**ACTIVITY**
Everything from the first line of the material to the line containing "Firefighters above demonstrate", inclusive, must be given again exactly; no pictures, and nothing past that line.
*** Opening of LISTED RECORDS ***
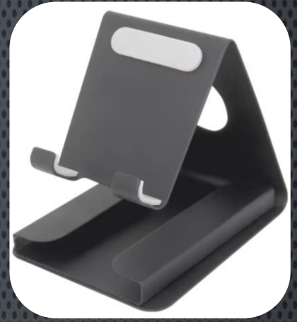
B 403 Card Holder Mobile stand
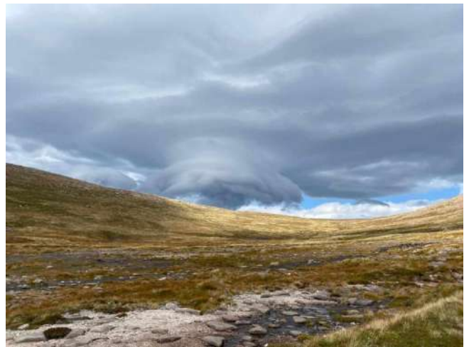
Lunch spot at Loch Avon & an extraordinary tubular cloud shape: Pictures by Cherie Hamoudi
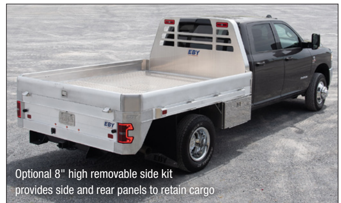
Optional 8" high removable side kit provides side and rear panels to retain cargo

EBY mounting kits are provided with each body
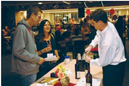
Parents enjoyed wine and cheese at the first "Welcome Parents" reception.
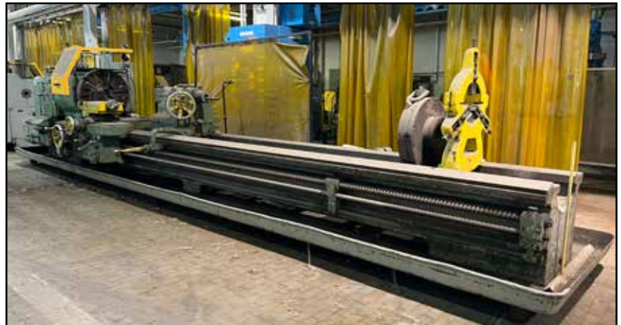
LEBLOND 32" X 180" LATHE
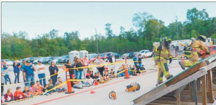
Firefighters above demonstrate how to Vertical Vent, a tactic used to exhaust hot gases trapped within a burning building.

Future firefighters listen intently as law enforcement and firefighters tell them about the Smoke House, a display that teaches kids how to find their way from a blazing building and escape without getting burned. And there is climbing involved. You have to listen to know what to do some part of being a good recruit firefighter is listening to instructions. Harris County also brought in some experts to involve kids. The fire house offered frito pie and chili dogs to the kids and many got to sit inside a real fire truck.
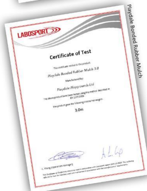
Playdale Bonded Rubber Mulch
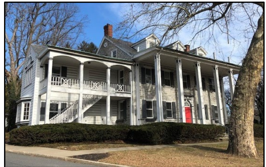
OASIS Community Center

This project is funded, in part, under a contract with the Northampton County Department of Human Services through funds provided by the County of Northampton and the Commonwealth of Pennsylvania.
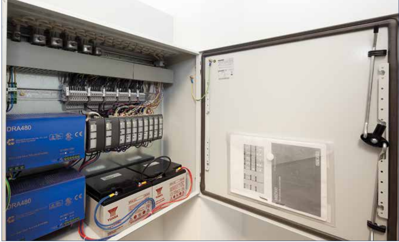
Augustinum, Stuttgart, Germany
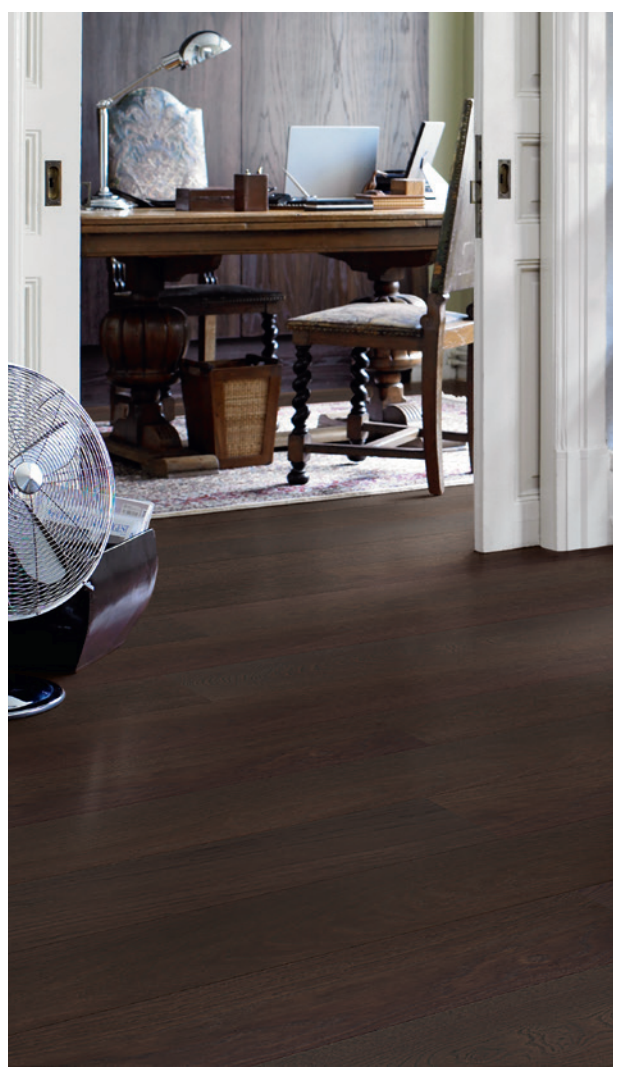
BROWN CABIN OAK 03888
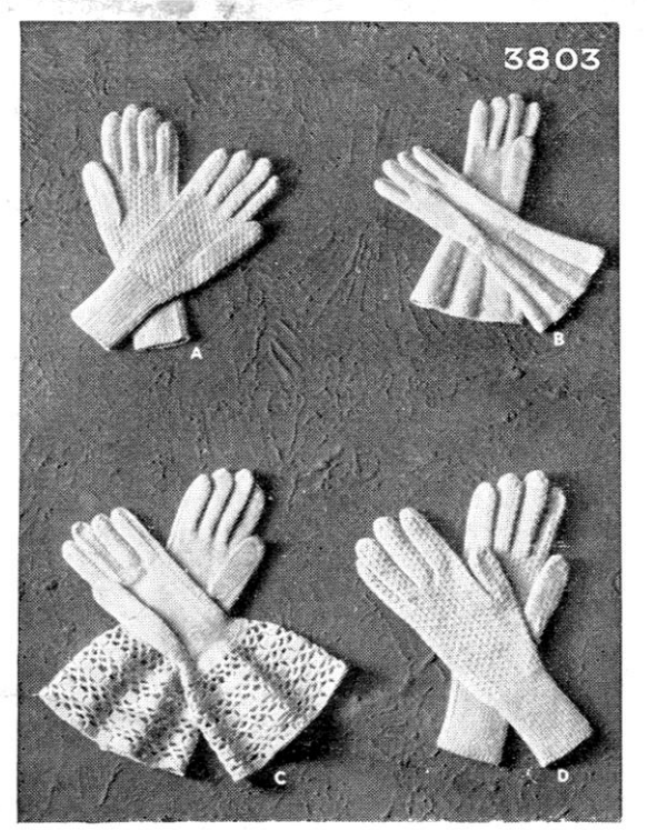
3803-3d. Patons Super Crepe, 3-ply weight.

Prices quoted throughout apply only in Great Britain and Northern Ireland.
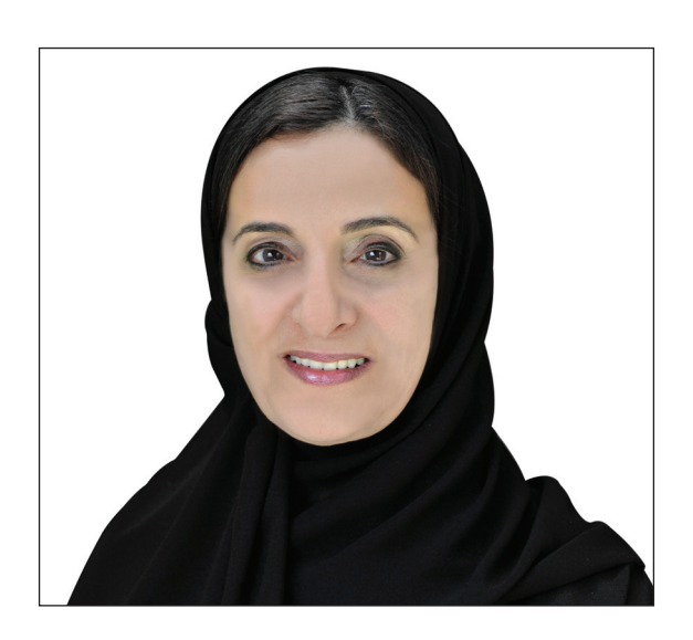
Under the Patronage of
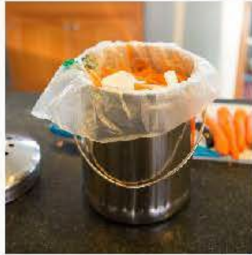
Fancier metal container
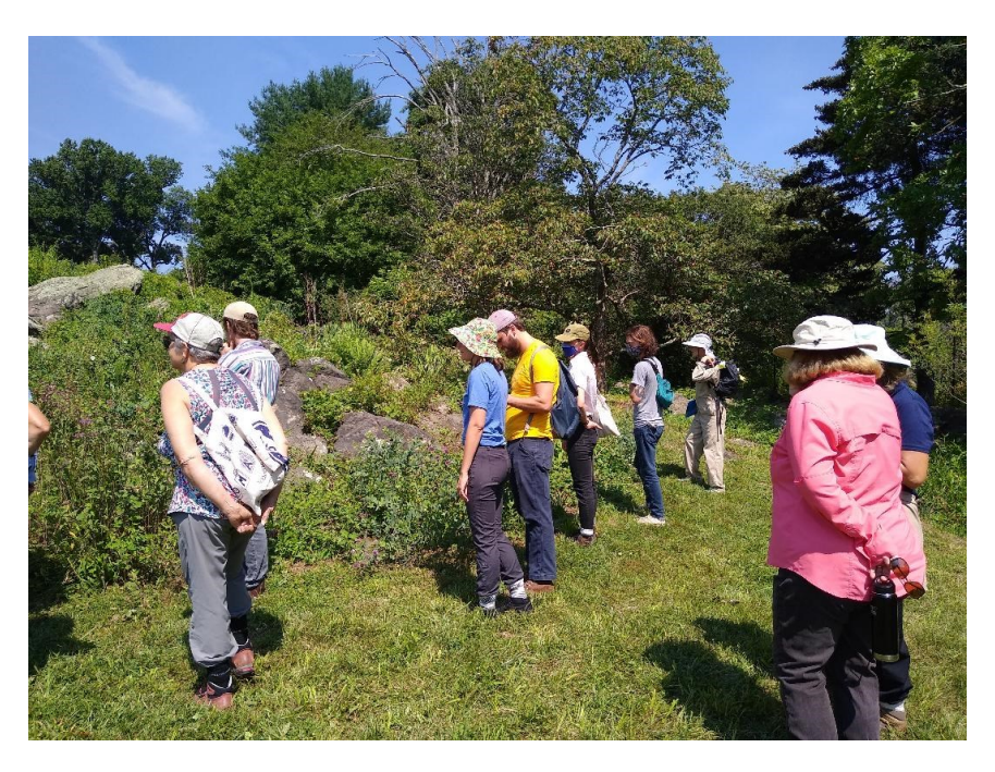
Henry Foundation Field Trip
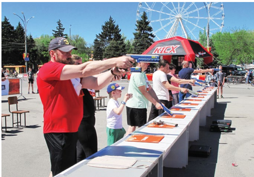
Male participants in Rostov-on-Don (RUS)

Following the success of the UIPM Laser-Run City Tour in Olympia
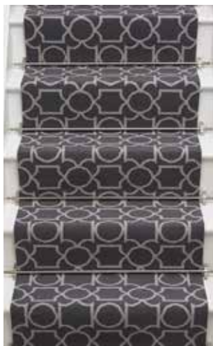
ALH0017 Earl Grey
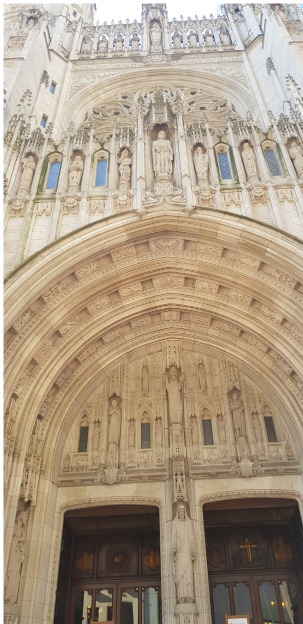
Saint Thomas's Fifth Avenue
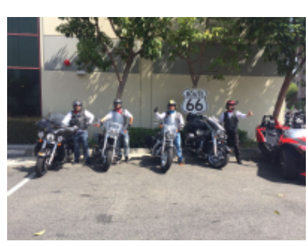
6 - Loreto - La Paz - 360
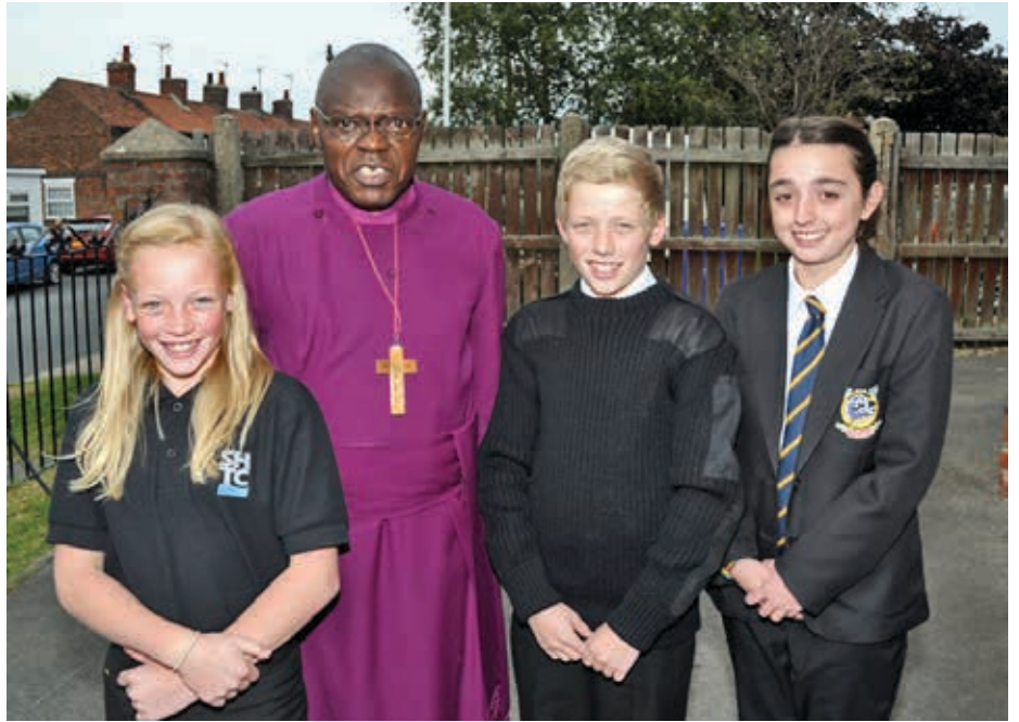
The Archbishop with Lifestylers who raised £1000 towards the cost of the bells.
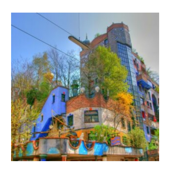
Drawing Source Material: Exploring Architecture
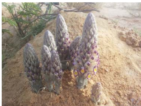
Cistanche tinctoria (forsk.) Beck.

inhalation, ointment, herb tea) and administered through various routes (oral, dermal, nasal and other body parts). However, plant part (s) and homogenizing it in water are the commonly used form of herbal preparation for both human. The oral administration which regrouped the major form of usage, which was in form of drink, was most exercised.
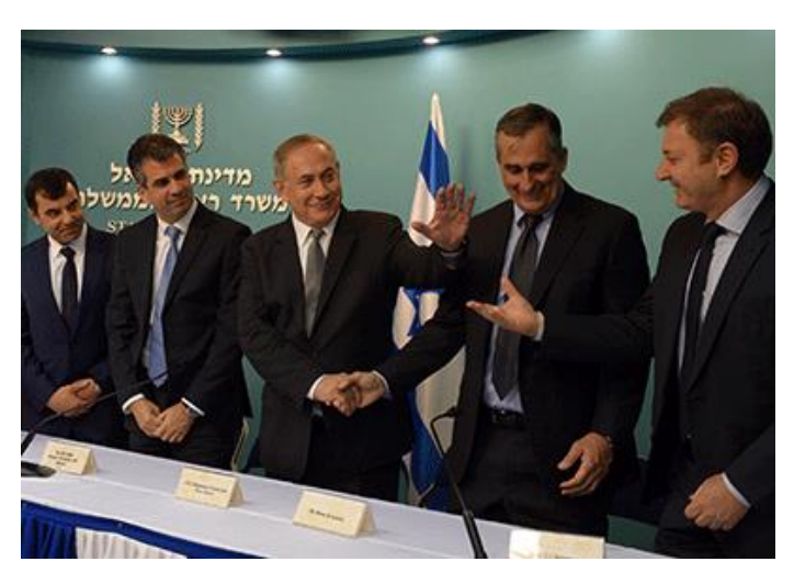
Benjamin Netanyahu congratulates Intel CEO Brian Krzanich on Intel's acquisition of Mobileye.

The AMD "Epyc" series of data centre processors thrash Intel to the point of irrelevance. They have twice the processing power (at least) and use a minimum of %30 less power on average...and often much less. This is important in GIANT data centres and server farms where your electrical bill can amount to millions a month in large centres. Also, more heat means more cooling costs and physical space. Imagine, you need to expand your data centre and you can buy AMD that are cheaper, twice as powerful, %30 cheaper to run and have 1/10th (literally) the security problems Intel have. You think that is a big decision to make?
*** Close of LISTED RECORDS ***
**REPLY**
B 403 Card Holder Mobile stand
Lunch spot at Loch Avon & an extraordinary tubular cloud shape: Pictures by Cherie Hamoudi
Optional 8" high removable side kit provides side and rear panels to retain cargo

EBY mounting kits are provided with each body
Parents enjoyed wine and cheese at the first "Welcome Parents" reception.
LEBLOND 32" X 180" LATHE
Firefighters above demonstrate how to Vertical Vent, a tactic used to exhaust hot gases trapped within a burning building.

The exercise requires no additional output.